┏━━

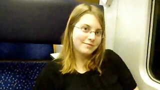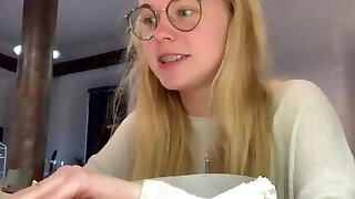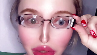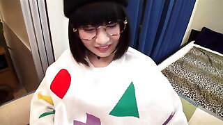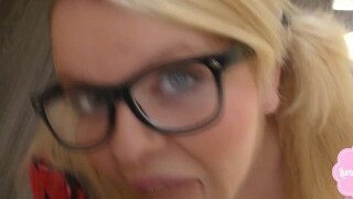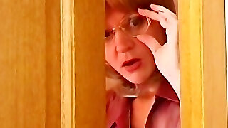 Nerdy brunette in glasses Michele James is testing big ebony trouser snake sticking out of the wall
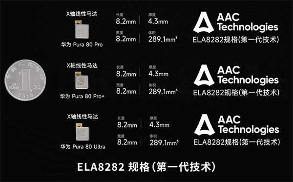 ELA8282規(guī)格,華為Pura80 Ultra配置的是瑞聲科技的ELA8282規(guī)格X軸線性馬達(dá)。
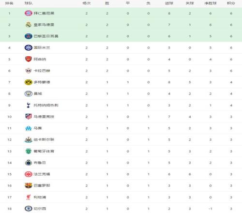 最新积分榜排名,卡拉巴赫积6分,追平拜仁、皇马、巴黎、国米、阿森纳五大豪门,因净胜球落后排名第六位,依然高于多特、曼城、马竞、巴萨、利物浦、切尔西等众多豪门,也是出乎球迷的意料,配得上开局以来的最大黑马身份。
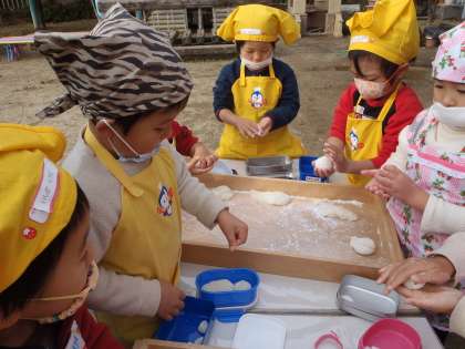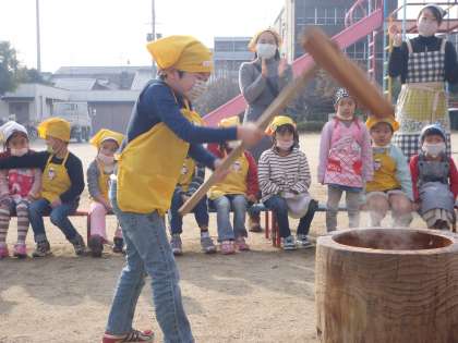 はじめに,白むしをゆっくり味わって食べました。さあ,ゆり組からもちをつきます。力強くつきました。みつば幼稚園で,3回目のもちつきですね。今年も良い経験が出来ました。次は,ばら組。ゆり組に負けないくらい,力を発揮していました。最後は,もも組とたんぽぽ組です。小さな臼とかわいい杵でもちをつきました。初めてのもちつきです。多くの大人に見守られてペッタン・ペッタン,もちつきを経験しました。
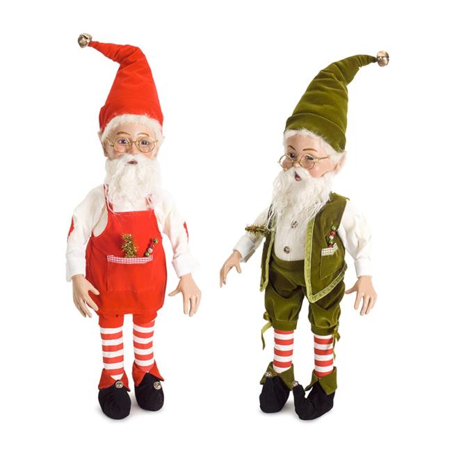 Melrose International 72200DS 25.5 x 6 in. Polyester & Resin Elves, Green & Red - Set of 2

┗━━

== Task details ==
What is needed here is an exact copy of the lines from the line containing "ELA8282規(guī)格,華為Pur" through the end of the records, with every picture left out.

== Response to the task ==
 ELA8282規(guī)格,華為Pura80 Ultra配置的是瑞聲科技的ELA8282規(guī)格X軸線性馬達(dá)。
 最新积分榜排名,卡拉巴赫积6分,追平拜仁、皇马、巴黎、国米、阿森纳五大豪门,因净胜球落后排名第六位,依然高于多特、曼城、马竞、巴萨、利物浦、切尔西等众多豪门,也是出乎球迷的意料,配得上开局以来的最大黑马身份。
 はじめに,白むしをゆっくり味わって食べました。さあ,ゆり組からもちをつきます。力強くつきました。みつば幼稚園で,3回目のもちつきですね。今年も良い経験が出来ました。次は,ばら組。ゆり組に負けないくらい,力を発揮していました。最後は,もも組とたんぽぽ組です。小さな臼とかわいい杵でもちをつきました。初めてのもちつきです。多くの大人に見守られてペッタン・ペッタン,もちつきを経験しました。
 Melrose International 72200DS 25.5 x 6 in. Polyester & Resin Elves, Green & Red - Set of 2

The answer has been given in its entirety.